UK shares have outperformed on average after the Bank of England makes its initial move

It may have been overshadowed since by significant market volatility but, widely expected as it was, the Bank of England’s decision to cut interest rates for the first time since 2020 represents a significant inflection point.

And with the usual caveat that the past is not a guide to the future, investment bank Berenberg has done some useful work on the average performance of the UK market in the wake of the first cut in each interest rate cycle over the last five decades.

The results make for pretty positive reading if you are invested in UK shares. Averaged out, the performance after the first rate cut has been appreciably better than the all-time average on a one-, three-, six- and 12-month view.

There is considerable variation within that average, reflecting the fact rates can be cut for a variety of reasons including in the wake of significant market shocks like the Covid pandemic or 2007/8 financial crisis.

Berenberg analyst Jonathan Stubbs notes the latter represents the lowest extreme on the rate cut continuum, with a 37% fall for UK equities following the first cut in 2007, while at the top end in 1976 the first cut heralded a 56% gain.

Stubbs adds: ‘We think rate cuts, alongside reduced political uncertainty, net inflows into UK equities, cheap valuations and modest earnings growth should support UK equity returns over the coming 12 months.’

His economist counterparts at the bank believe there will be a further 150 basis points worth of cuts through to the end of 2025 bringing rates down to a terminal rate of 3.5%.

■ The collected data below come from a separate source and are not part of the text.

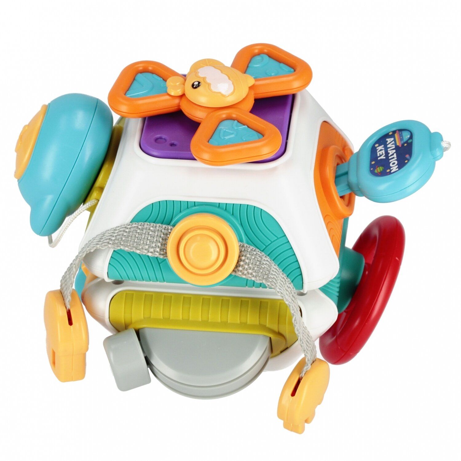 • Veiklos: Kiekviena kubo pusė siūlo įvairias veiklas, tokias kaip: rakto įdėjimas į spyną, saugos diržo užsegimas, virvutės traukimas, klaviatūros spaudimas; „šviesos“ jungiklio spaudimas; skambučio sukimas, palaikant vaiko vystymąsi.
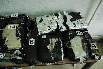 Детаљним прегледом, у направљеном дуплом дну патоса испод задњег и предњег дела возила, пронађено је укупно 14.796 грама марихуане, запаковане у 18 пакета.
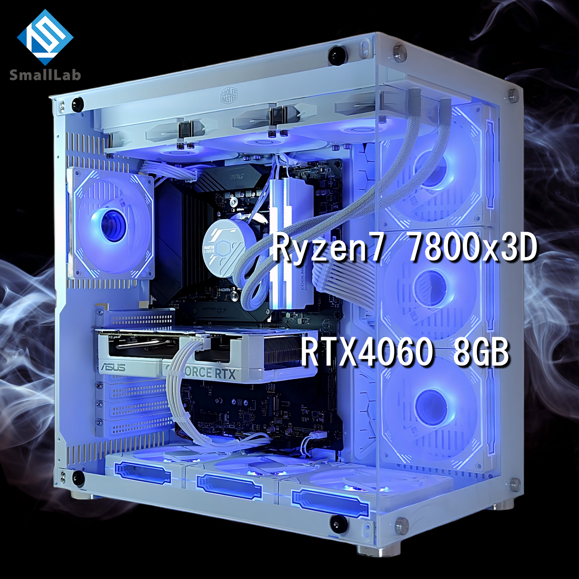 AMD Ryzen7 7800x3D / RTX4060 8GB ガラス2面ATX ゲーミングPC 簡易水冷 360mm ホワイト 白
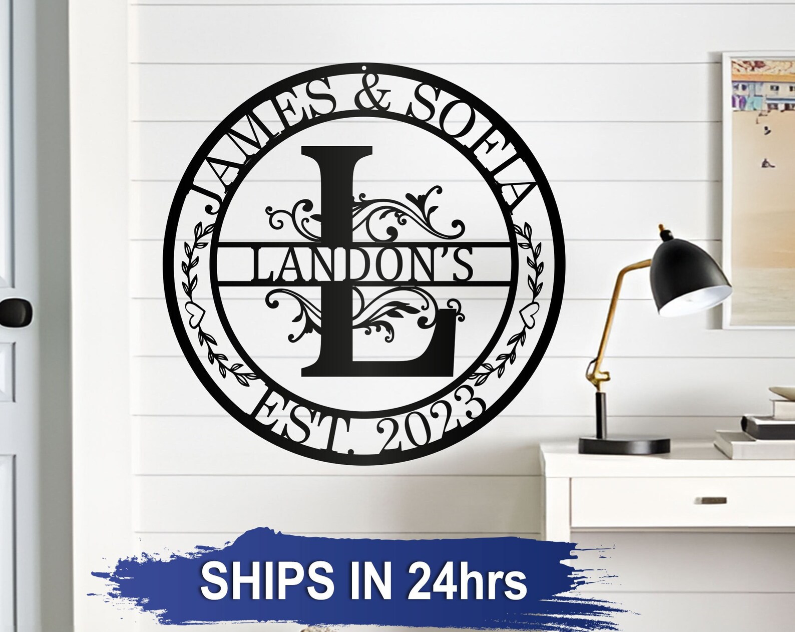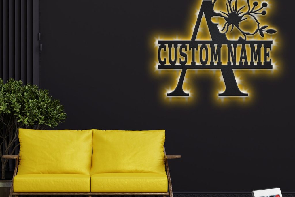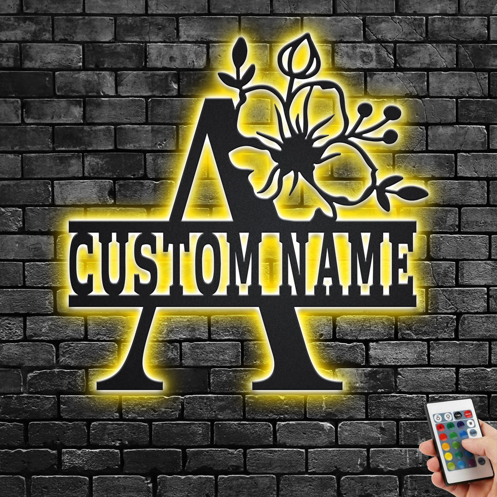 Custom Floral Alphabet A Metal Sign with LED – Family Name Decor

It is worth flagging a few points of caution here. There is a chance, albeit modest, that the largely positive market reaction to Labour’s decisive victory in last month’s election could be diluted by the recent far-right violence in the UK. Second, the trajectory of rates may not prove as smooth as expected if, for example, there were to be a renewed uptick in inflation.

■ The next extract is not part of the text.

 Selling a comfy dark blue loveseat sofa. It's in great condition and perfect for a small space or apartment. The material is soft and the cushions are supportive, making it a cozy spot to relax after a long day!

Finally, as my colleague Ian Conway pointed out in this column last week, corporate results are likely to be a more reliable delineator of market returns than what happens with rates.

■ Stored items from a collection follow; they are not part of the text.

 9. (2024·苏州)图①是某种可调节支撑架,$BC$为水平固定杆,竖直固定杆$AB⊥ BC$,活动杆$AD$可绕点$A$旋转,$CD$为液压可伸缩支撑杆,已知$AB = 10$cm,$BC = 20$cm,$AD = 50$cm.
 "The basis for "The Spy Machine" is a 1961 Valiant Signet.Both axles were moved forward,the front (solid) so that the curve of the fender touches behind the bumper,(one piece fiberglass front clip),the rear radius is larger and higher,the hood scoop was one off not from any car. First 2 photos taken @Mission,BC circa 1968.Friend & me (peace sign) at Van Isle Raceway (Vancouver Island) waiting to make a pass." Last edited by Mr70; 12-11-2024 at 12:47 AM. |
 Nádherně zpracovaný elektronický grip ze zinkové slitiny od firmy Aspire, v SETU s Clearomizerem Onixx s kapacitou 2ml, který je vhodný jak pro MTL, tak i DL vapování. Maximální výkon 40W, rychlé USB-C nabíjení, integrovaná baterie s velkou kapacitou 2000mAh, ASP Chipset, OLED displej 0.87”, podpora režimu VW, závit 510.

While we’re on the subject of interest rates, calls for the Federal Reserve to introduce an emergency cut in response to the recent market weakness seem massively overblown and could well prove counterproductive.

Events could conspire to force the Fed’s hand but, for now, such a move would probably do more harm than good as it would only add to a sense of panic. While the factors behind the correction in stocks should not be dismissed, it is also true to say summer sell-offs are not unusual amid thinner trading as a large number of market participants are on the beach.